» **WHAT IS EXPECTED**: Transcribe everything in the listing below exactly, except the pictures.

» **GIVEN RECORDS**:
******************************

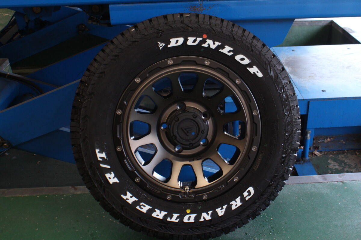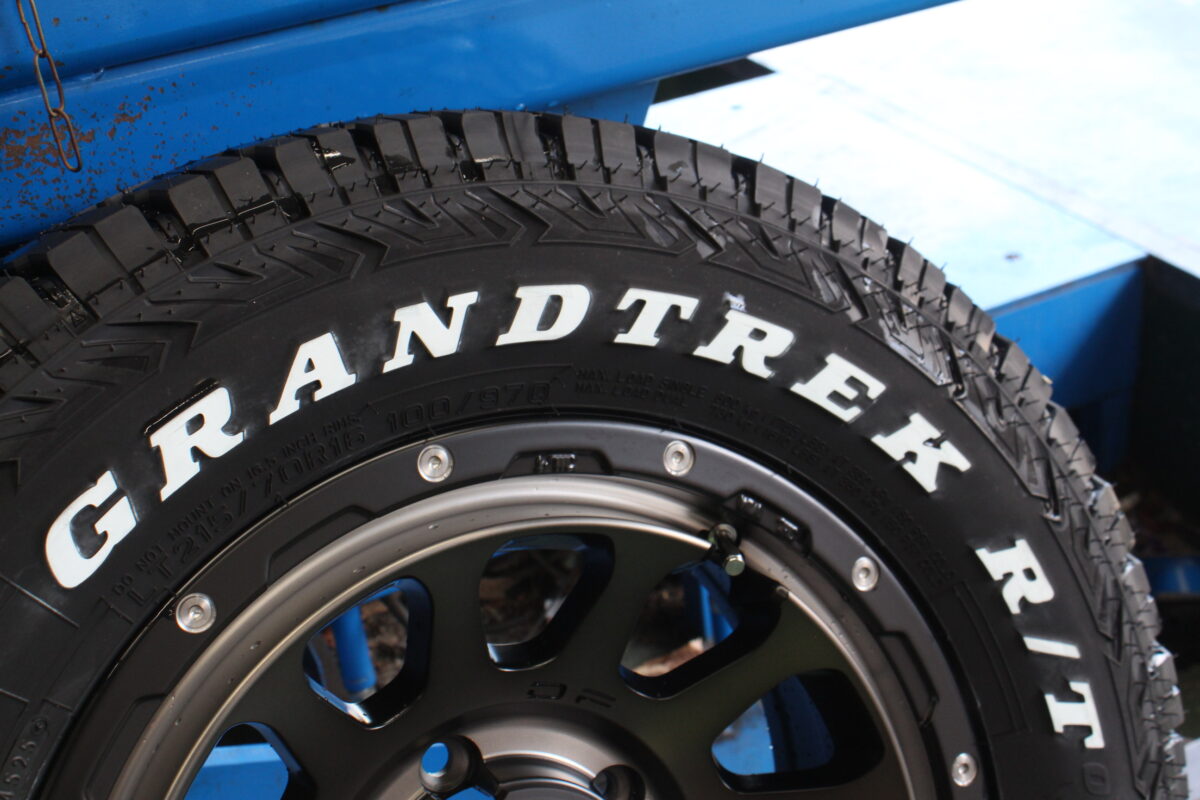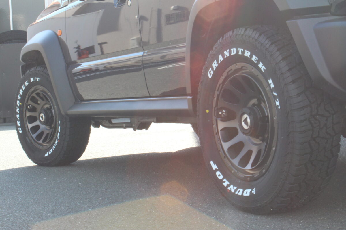 ジムニーカスタムでは外せないホワイトレターが、足元に程よい遊び心をプラスしてくれます
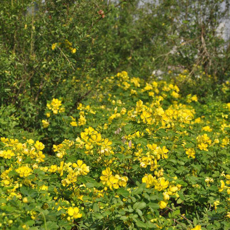 鮮黃色,開(kāi)在樹梢,遠看去,鮮豔奪目,又開(kāi)在花少的8月至12月,因而受到園林綠化部門重視,近年引種(zhǒng)作爲花灌木栽培,專供觀賞。
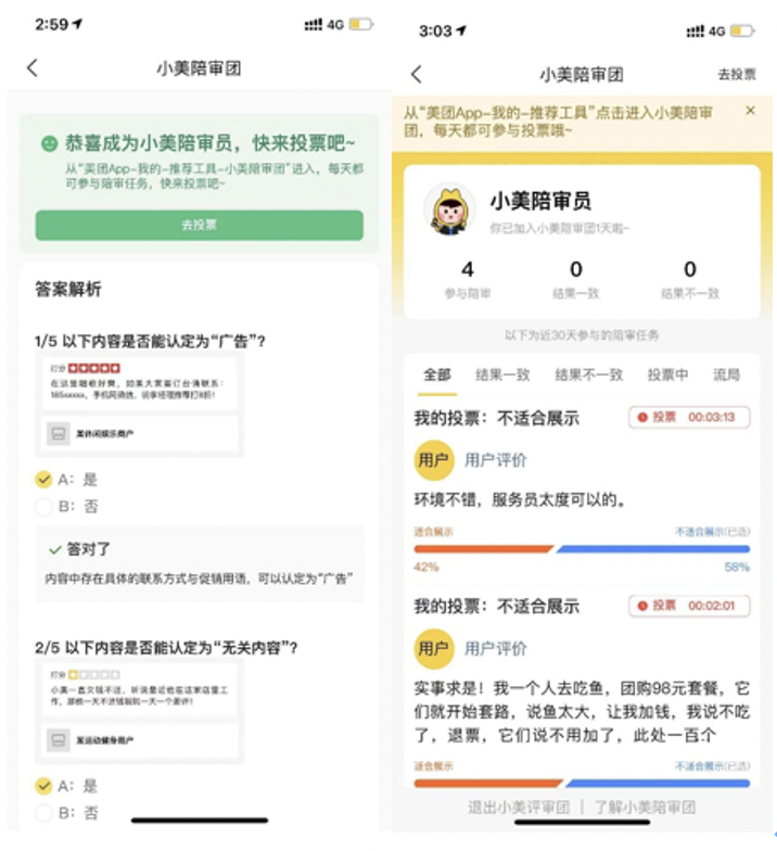 目前,用户在美團App-我的-推薦工具即可直接點擊進入 “小美陪審團”。大眾點評App的大眾評審也可以在大眾點評APP-我的點擊進入,美團外賣App的袋鼠評審,則由系統直接將爭議糾紛推送給符合條件的用户。
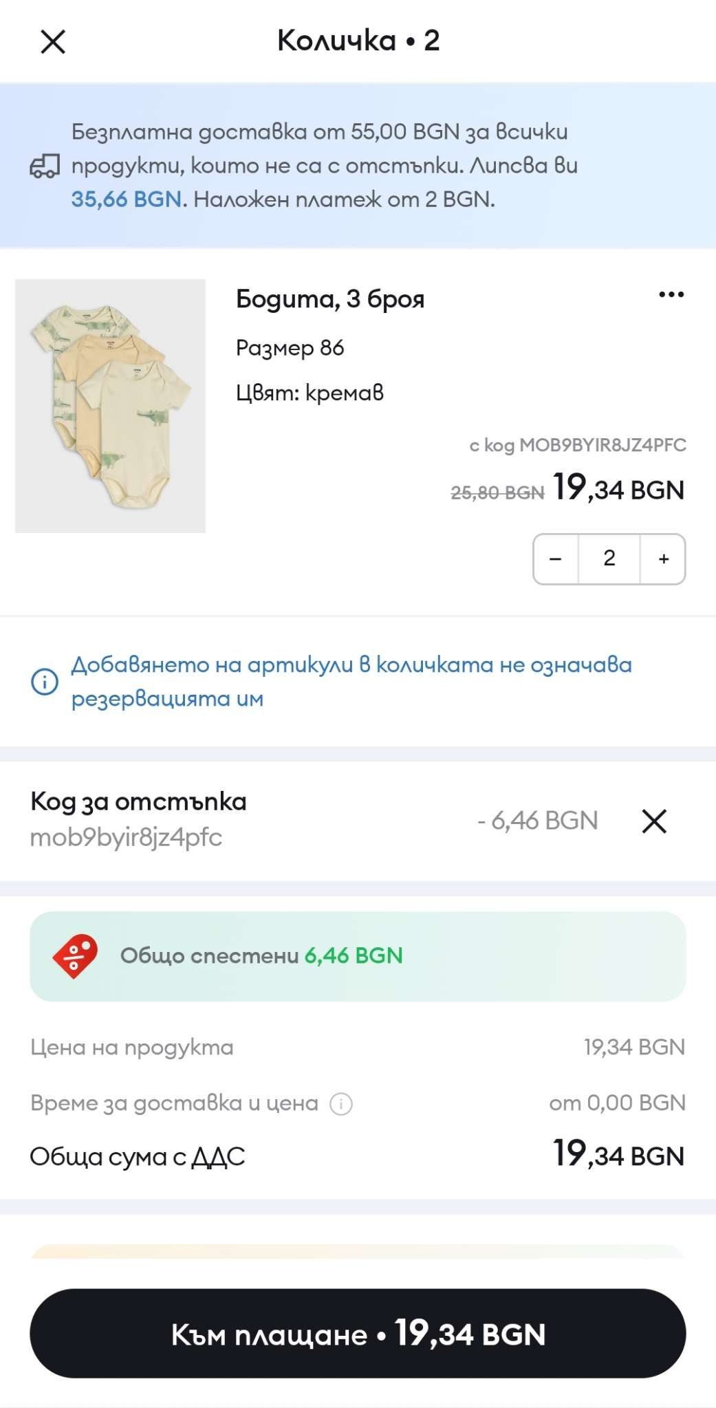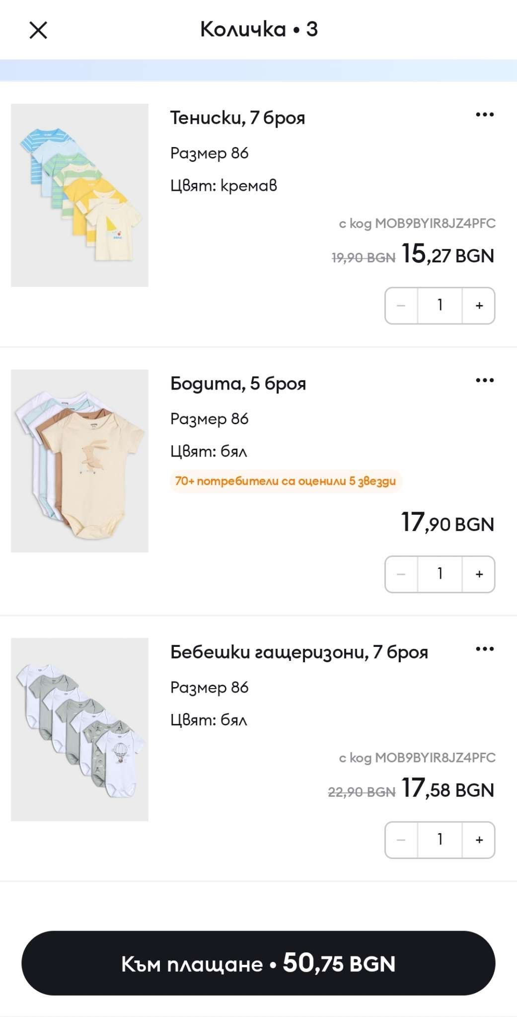 Ако в кошницата има два пъти артикул, който отговаря на условията (каквито и да са те), също се намаля. Също и бебешките бодита в мултипакет се включват в намалението, друг е въпросът защо някои се намалят, някои не. Секцията с бебешки дрехи се води Дете 0-2.
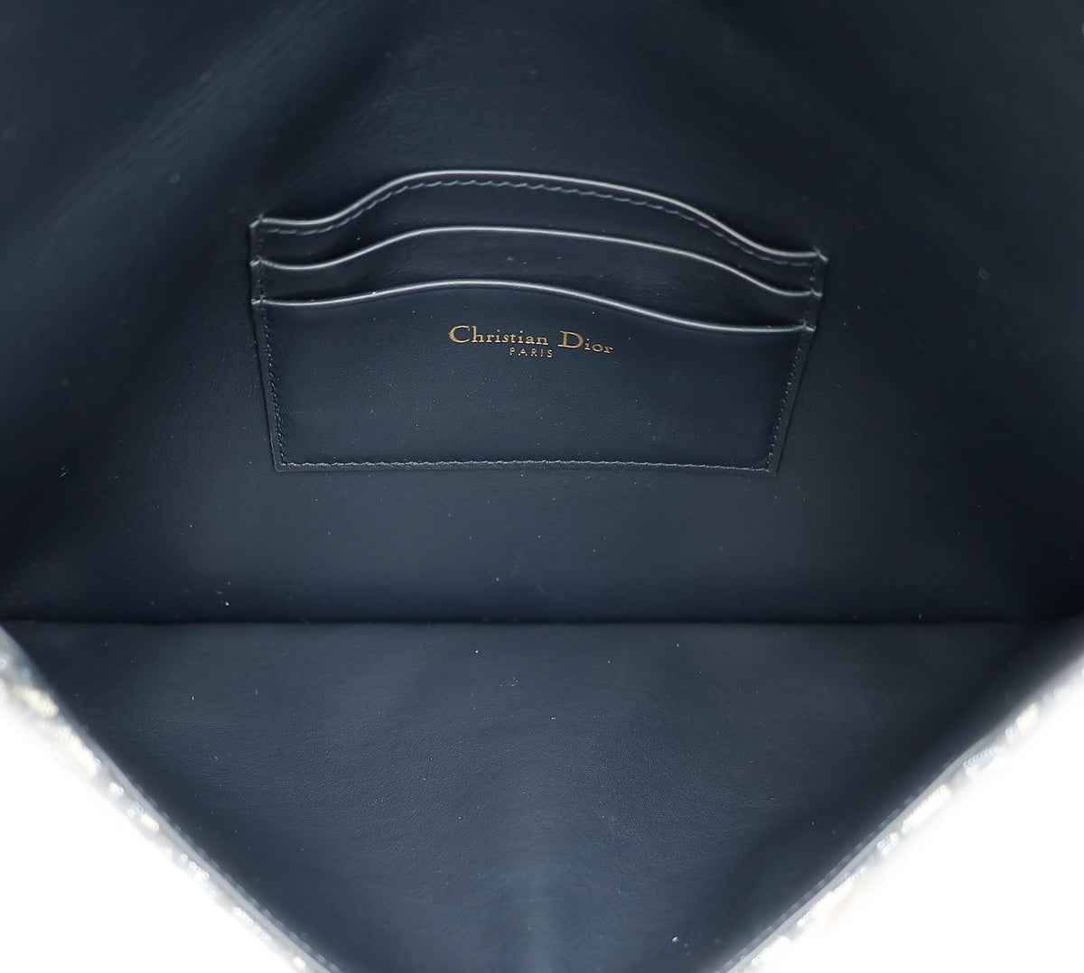 Christian Dior Navy Blue Oblique Saddle Pouch Clutch

******************************

» **ANSWER SECTION**:
 ジムニーカスタムでは外せないホワイトレターが、足元に程よい遊び心をプラスしてくれます
 鮮黃色,開(kāi)在樹梢,遠看去,鮮豔奪目,又開(kāi)在花少的8月至12月,因而受到園林綠化部門重視,近年引種(zhǒng)作爲花灌木栽培,專供觀賞。
 目前,用户在美團App-我的-推薦工具即可直接點擊進入 “小美陪審團”。大眾點評App的大眾評審也可以在大眾點評APP-我的點擊進入,美團外賣App的袋鼠評審,則由系統直接將爭議糾紛推送給符合條件的用户。
 Ако в кошницата има два пъти артикул, който отговаря на условията (каквито и да са те), също се намаля. Също и бебешките бодита в мултипакет се включват в намалението, друг е въпросът защо някои се намалят, някои не. Секцията с бебешки дрехи се води Дете 0-2.
 Christian Dior Navy Blue Oblique Saddle Pouch Clutch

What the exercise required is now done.